Hi,
I plan on taking the CSSLP certification exam. On reading the guide I came across the required experience section. All domains start with the word "Secure". I have 4 years experience in software design and development. Though the "secure" part is implied, my current (and past) job description doesn't call it out. Provided I pass the exam, what could be the possible roadblocks when seeking endorsement. Is having experience in software design, development and testing enough?
Thanks!
If your past development projects had security components (which I would be surprised NOT having), and you were involved, you might want to summarize the specific security related methodologies you have used, including design, plan, and execution, that might give you some idea on your security related experiences, and may even provide some credentials related to CSSLP.
Just a thought...
Some rambling thoughts...
I’d say at a high level try answering some of these top of head non-exhaustive questions:
Did you do it securely? Where you following the OWASP TOP ten?Did you enforce requirements traceability?was threat modeling practiced? Can you list the safeguards and mitigations used? What development methodologies did you use, and how was security put into those? Did you build security software? Was it recent experience? Did you review code, and/use use static or dynamic scanning tools to discovery vulnerabilities? Dis the software you built have authentication, authorisation and accounting functions? What development methodologies did you use? Was quality enforced? Do you have a clear process for flaw remediation? Did you make decisions on how to securely implement a function? Did you refactor code? We’re you using source code control, and did this help to prevent regressions? How did you end of life code/products, was it secure? If you reused software modules, were they of known Pedigree and provenance? Did you use FIPS validated Cryptographic modules? When designing were you also thinking about abuse of the software as well as standard use? Was least priveledge employed? How as data classified, and could you say why? How did your applications create, store, use, share archive and destroy data? Did you design and map data flows? Where you considering the laws and regulations the software would run in?
Nowhere near exhaustive wall of text but chances if it’s yes, or you can talk It and have good examples, and it was consistent then it probably qualifies. It’s experience rather than job description.

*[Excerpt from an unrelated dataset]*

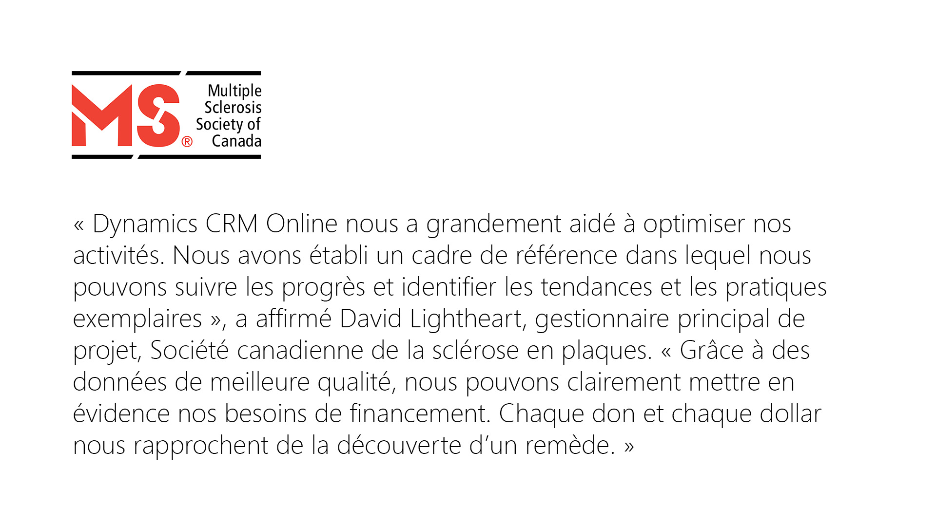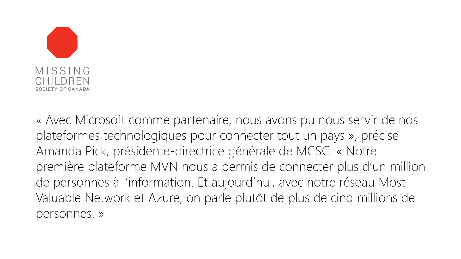 Fondée en 1985, Microsoft Canada Inc. est la filiale canadienne de Microsoft Corporation (code Nasdaq « MSFT »), le chef de file mondial du marché des logiciels, des services et des solutions qui aide les gens et les entreprises à réaliser leur plein potentiel. Microsoft Canada offre des services de vente, de marketing, de consultation et d’assistance locale partout au pays, en français et en anglais. Microsoft Canada, dont le siège social se trouve à Mississauga, possède neuf bureaux régionaux partout au pays où l’entreprise travaille à accroître les capacités des gens à l’aide de logiciels exceptionnels – en tout temps, partout et sur tout type d’appareil. Pour obtenir de plus amples renseignements au sujet de Microsoft Canada, visitez le site http://www.microsoft.com/fr-ca/default.aspx.

if you go through the exam outline it breaks it all out nicely for you.
https://www.isc2.org/-/media/ISC2/Certifications/Exam-Outlines/CSSLP-Exam-Outline-v1013.ashx
A review seminar either remotely or in person is a good idea.
If someone is a member in good standing and knows your work, then I’d say your path is easier/smoother, if you need a stranger or ISC2 to do the endorsement then it might take longer. I’d say roadblocks are more about code of ethics, accurate statement of what your role entails and experience, it might take longer but that’s ok.
Bottom line justify it to yourself with the same rigour you’d think about the safety of your software, and you of start to argue with yourself about the trade off you made from different angles, then I’d say that it qualifies(probably).